Input/Output layer: As the name goes.

For each layer

$A_{i + 1} = R e LU (W_{i} X + b_{i})$

Before final result

We should use Sigmoid or Softmax to squash the result into 0 and 1.

Sigmoid

Sigmoid is used when there's only ONE column in each batch.

It is defined as: $σ (x) = \frac{1}{1 + e ^{- x}}$

Softmax

Softmax is the most commonly used activation function. It is the average number in a $e^{x}$ perspective.

$S o f t ma x (d_{i}) = \frac{e ^{d_{i}}}{\sum _{k = 0}^{i} e ^{d_{k}}}$

Backpropagation

Backpropagation is short for Backward Propagation of Errors.

Formula & Expression

First, let's look at the basic expression of neuron network which has only one node in each layer.

$a^{(L)} = σ (w^{(L)} a^{(L - 1)} + b^{(L)})$

The following will be based on a more complex situation, which has multiple nodes in each layer, reflecting how they are structured in practice.

Let's take a look at some concepts.

$L$ : Layer, the variable in this formula.
$a_{n}^{(L)}$ : The value of node $n$ in layer $L$ .
$w_{j k}^{(L)}$ : The weight between $a_{k}^{(L - 1)}$ and $a_{j}^{(L)}$ .
$b$ : Bias, a specific number.
$σ$ : A non-linear function, usually Stigma or ReLU.

We use $z$ to represent the whole bunch of things inside $σ$ .

$z_{j}^{(L)} = k = 0 \sum n_{L} - 1 w_{j k}^{(L)} a_{k}^{(L - 1)} + b_{j}^{(L)}$

So that $a$ can be written as:

$a_{j}^{(L)} = σ (z_{j}^{(L)})$

And the loss $C_{0}$ would be the sum of errors in the last layer.

$C_{0} = j = 0 \sum n_{L} - 1 (a_{j}^{(L)} - y_{j})^{2}$

where $y_{j}$ is the given target.

Chain Rule

$\frac{\partial C _{0}}{\partial w _{j k}^{(L)}} = \frac{\partial z _{j}^{(L)}}{\partial w _{j k}^{(L)}} \frac{\partial a _{j}^{(L)}}{\partial z _{j}^{(L)}} \frac{\partial C _{0}}{\partial a _{j}^{(L)}}$

According to the previous formulas, each part would be:

$\frac{\partial C _{0}}{\partial a _{j}^{(L)}} = 2 (a_{j}^{(L)} - y_{j})$ $\frac{\partial a _{j}^{(L)}}{\partial z _{j}^{(L)}} = σ^{'} (z^{(L)})$ $\frac{\partial z _{j}^{(L)}}{\partial w _{j k}^{(L)}} = a^{(L - 1)}$

So,

$\frac{\partial C _{0}}{\partial w _{j k}^{(L)}} = a^{(L - 1)} \cdot σ^{'} (z^{(L)}) \cdot 2 (a^{(L)} - y)$

Oops, there must be something wrong... $w_{j k}^{(L)}$ has many paths to affect $C_{0}$ , so $\frac{\partial C _{0}}{\partial w _{j k}^{(L)}}$ couldn't just depend on this simple formula.

Excel Document

The document is too complicated without any explanation. I would dive that deep someday when I read the source code of deep learning algorithm.

RNN

This document is also highly abstract, so I would ignore it and try to learn something by my own.

Why RNN?

In the traditional neural network, the layers are fully connected, and nodes in the same layer don't connect to each other. So the data flows from the input layer, passing through the hidden layers and finally to the output layer. It treats the input as a whole object, considering them statically.

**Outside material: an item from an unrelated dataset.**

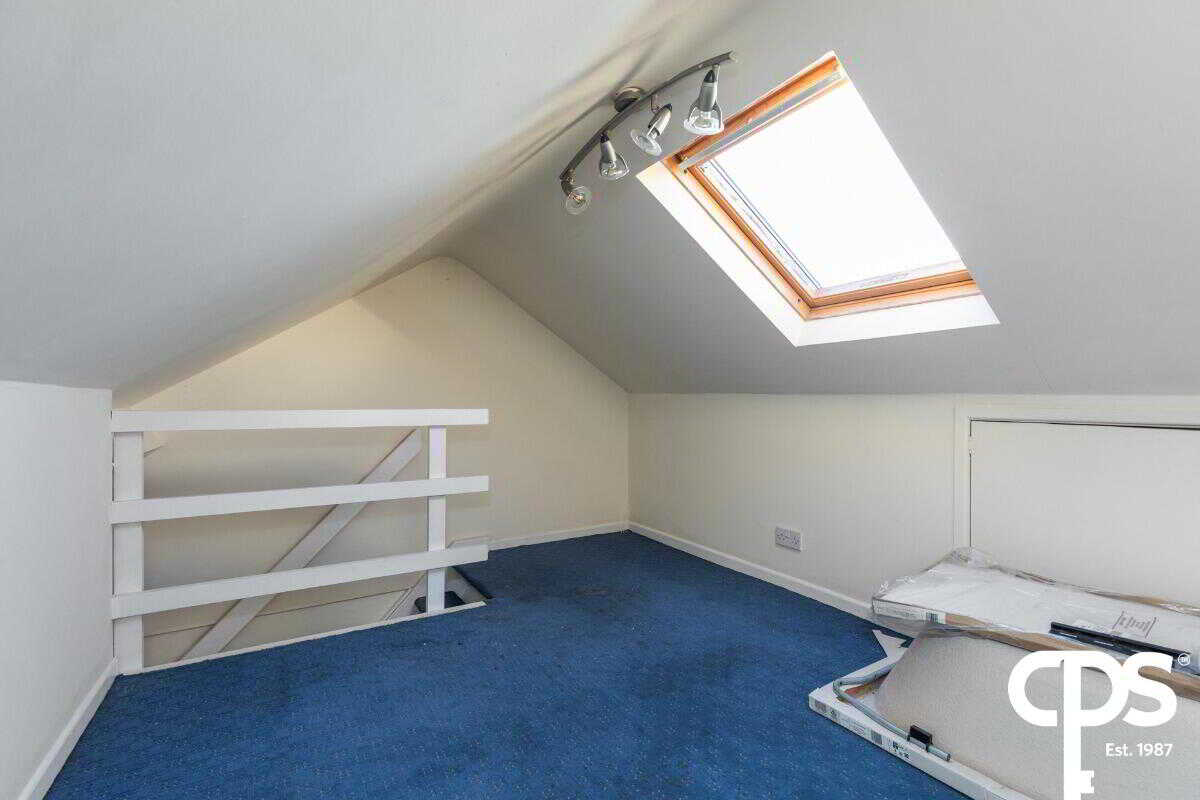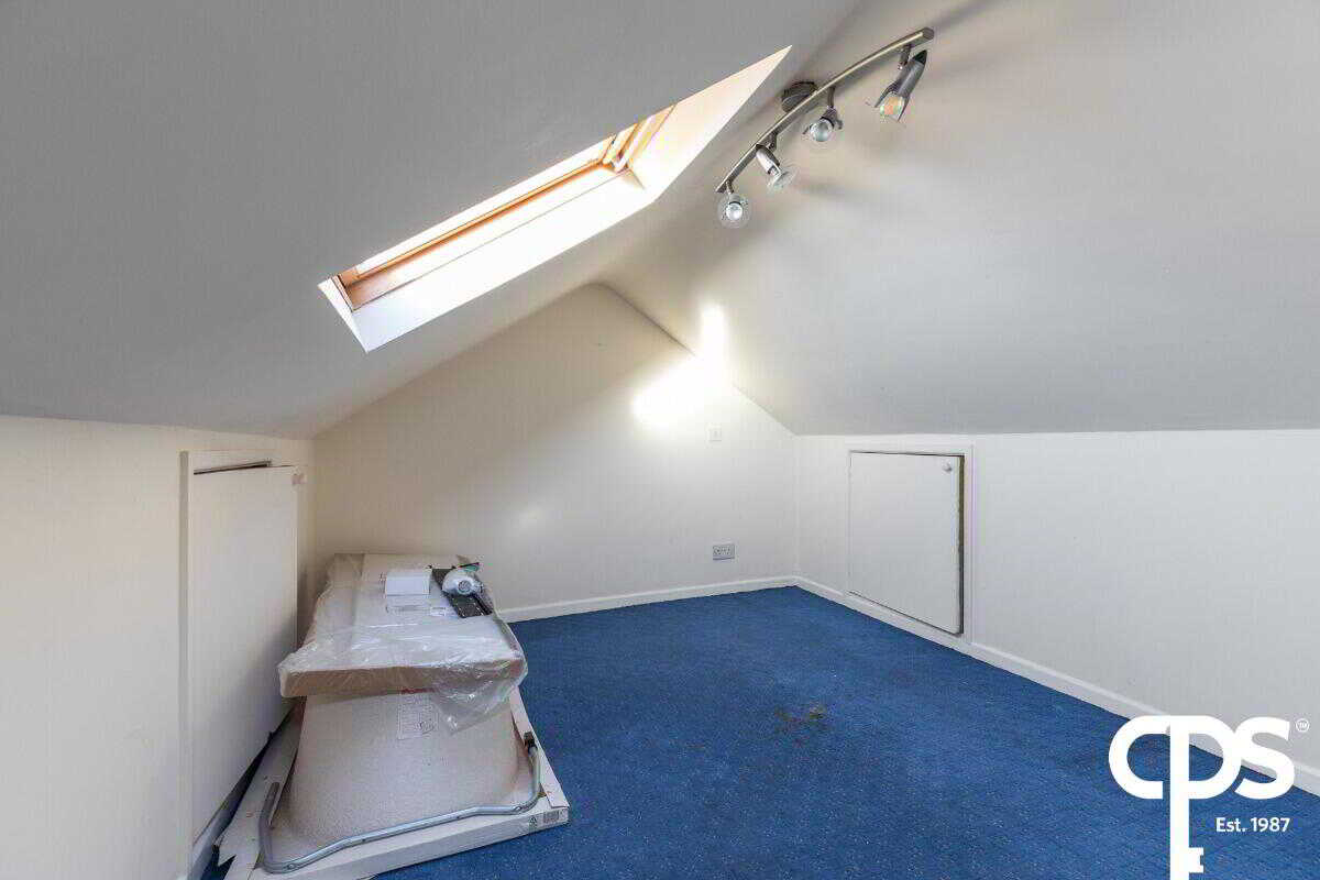 Fitted carpet, Velux window, ceiling spotlights, eaves storage cupboards

What about RNN? In RNN, the node is connected to itself, continuously updating its value. Of course, we can also draw the chart in a row, each node representing the value of that node at a specific time. So it is not good at processing sequences, of which the orders are also important.

What is RNN?

The main node in RNN is continuously updating the value of itself, so it can be considered as a neural network with some loop weights.

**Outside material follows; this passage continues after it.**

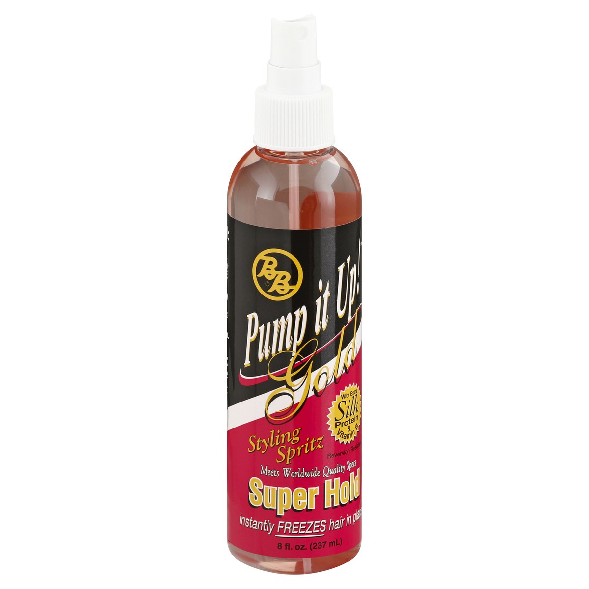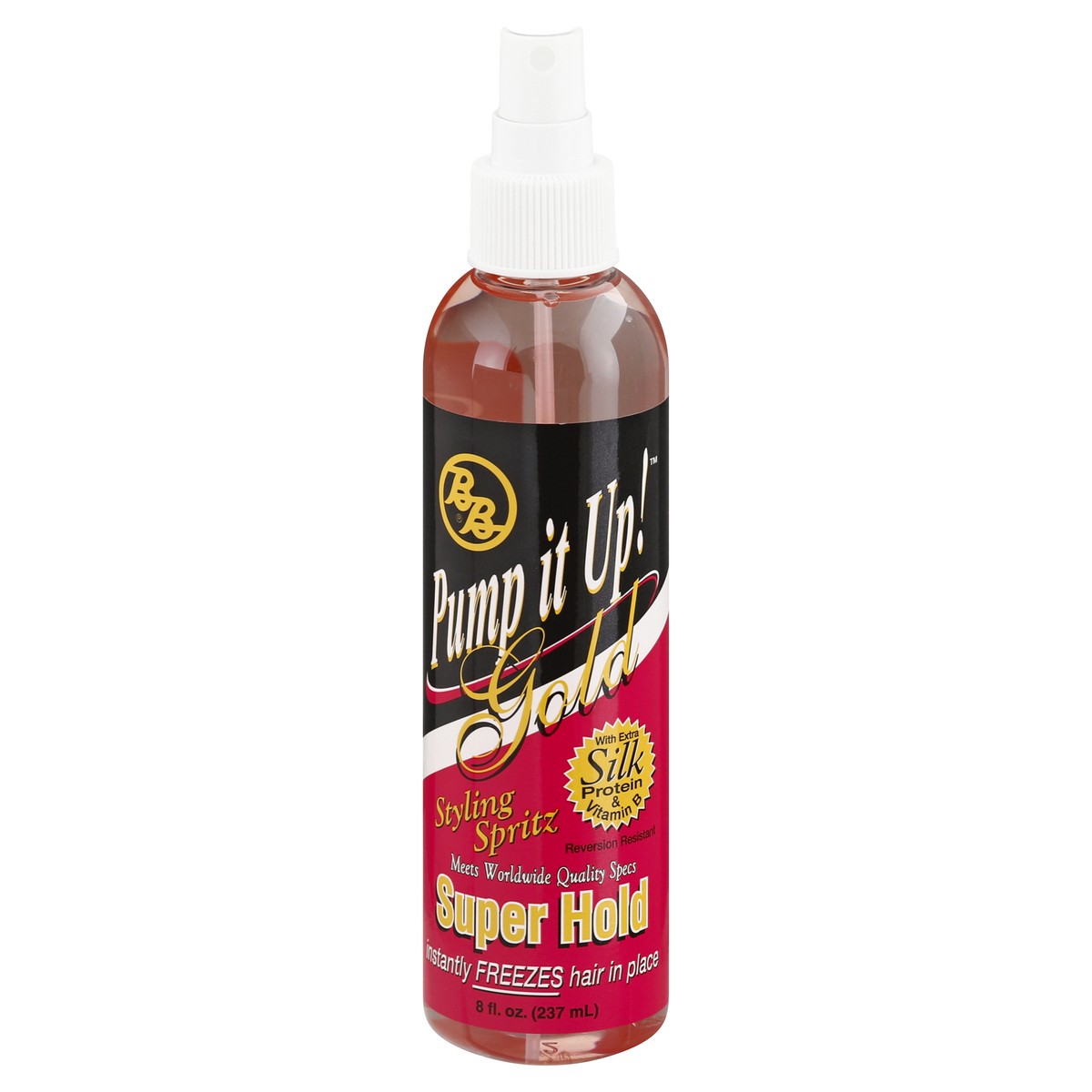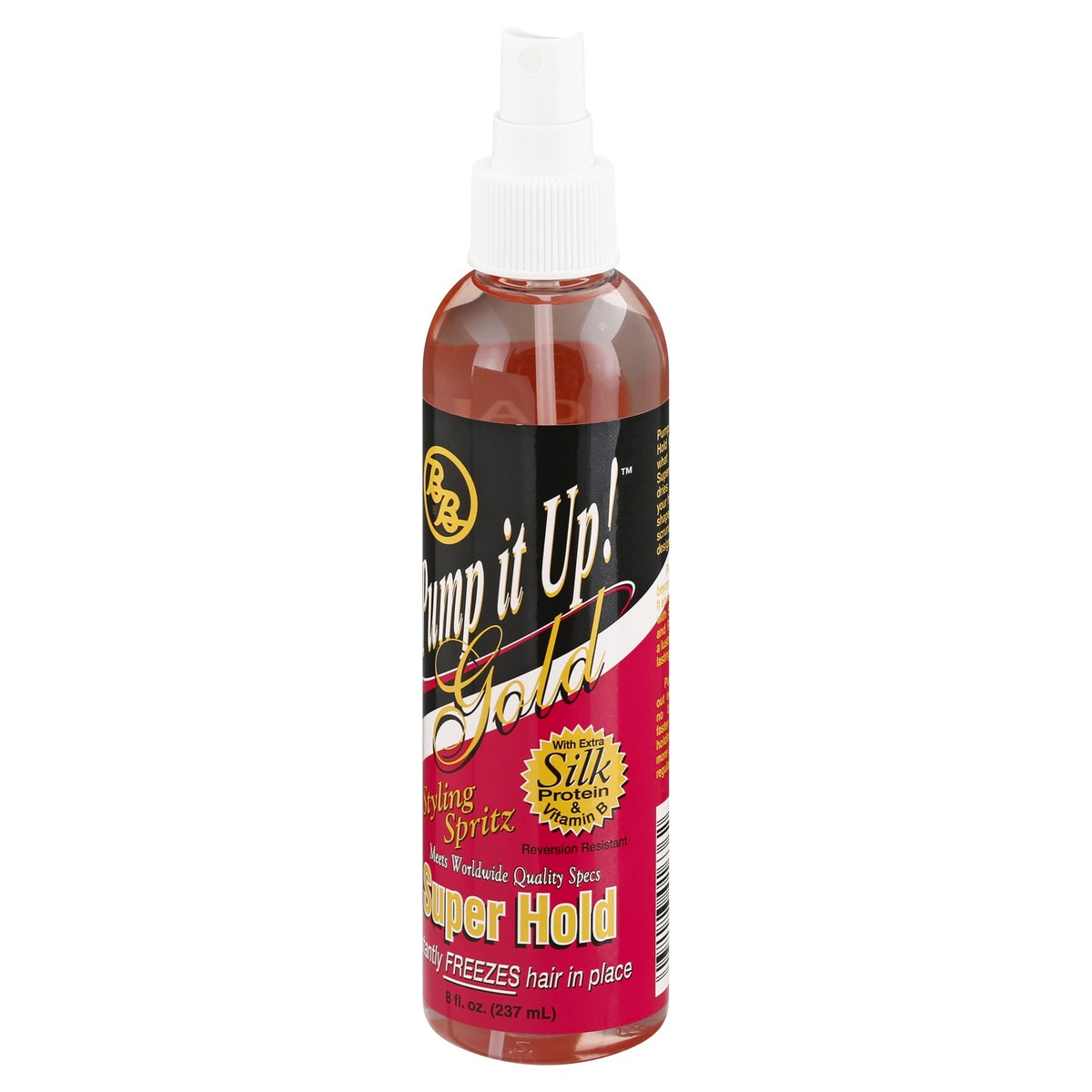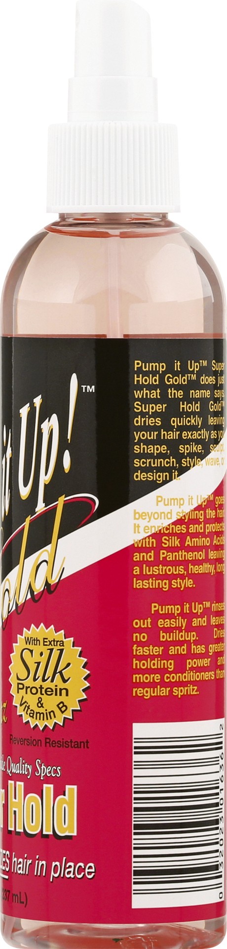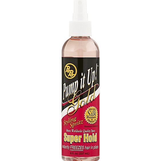 With extra silk protein & vitamin B. Reversion resistant. Meets Worldwide quality specs. Super hold. Instantly freezes hair in place. Pump it Up Super Hold Gold does just what the name says. Super Hol…

The formula below is written by myself according to my understanding. It's just a note without preciseness.

$a_{t} = σ (w_{1} \cdot I_{t} + w_{2} \cdot a_{t - 1} + b_{1})$ $O_{t} = w_{3} \cdot a_{t} + b_{2}$

$I_{t}$ : The input at time $t$ . We can also call this time the depth of loop.
$O_{t}$ : The output that time $t$ .
$w$ , $b$ : Weight and bias. They remain the same in every loop.
$σ$ : The activation function, again usually ReLU here.

Advantage: It's good at handling sequences, especially the data with time axis.

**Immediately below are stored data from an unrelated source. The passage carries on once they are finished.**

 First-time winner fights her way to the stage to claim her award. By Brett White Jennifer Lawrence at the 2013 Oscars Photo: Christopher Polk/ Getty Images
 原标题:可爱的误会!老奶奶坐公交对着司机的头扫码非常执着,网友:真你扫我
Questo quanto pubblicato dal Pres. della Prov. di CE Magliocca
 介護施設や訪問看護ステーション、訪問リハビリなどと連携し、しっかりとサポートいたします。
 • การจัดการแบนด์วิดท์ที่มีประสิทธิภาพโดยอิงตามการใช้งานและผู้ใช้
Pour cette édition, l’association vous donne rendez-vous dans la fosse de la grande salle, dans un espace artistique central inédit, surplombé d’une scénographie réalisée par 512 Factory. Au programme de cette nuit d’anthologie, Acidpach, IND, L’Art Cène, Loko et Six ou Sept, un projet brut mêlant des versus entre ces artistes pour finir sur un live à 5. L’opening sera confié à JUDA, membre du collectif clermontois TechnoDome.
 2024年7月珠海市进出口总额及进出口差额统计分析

Disadvantage: The vanishing/exploding gradient problem, which I'll talk about in the next part.

Long Short Term Memory

~~Complaint: Why are these documents more and more complex??? Without any explanation??? I can hardly understand even if I have learned so many things from online and AI.~~

Why LSTM?

As a specialized form of RNN, LSTM solves the vanishing gradient problem.

What is gradient? In backpropagation, we need to calculate the adjustment size based on the magnitude of the error, and this is called the "gradient".

What is the Vanishing Gradient Problem? When calculating the adjustment in a layer far from the output layer, we should use the Chain Rule. However, as we all know, the gradient is usually small, and they will be tinier and tinier when multiplied together. When the gradient signal reaches the first few layers, it has "vanished", especially because of the precision limit of our computer. What's worse, in RNN, every loop is like a "layer", and the vanishing gradient problem is severe with a fast increasing network "depth". Another reason is that the activation function, such as Sigmoid, often have a small derivative, which makes the gradient even smaller.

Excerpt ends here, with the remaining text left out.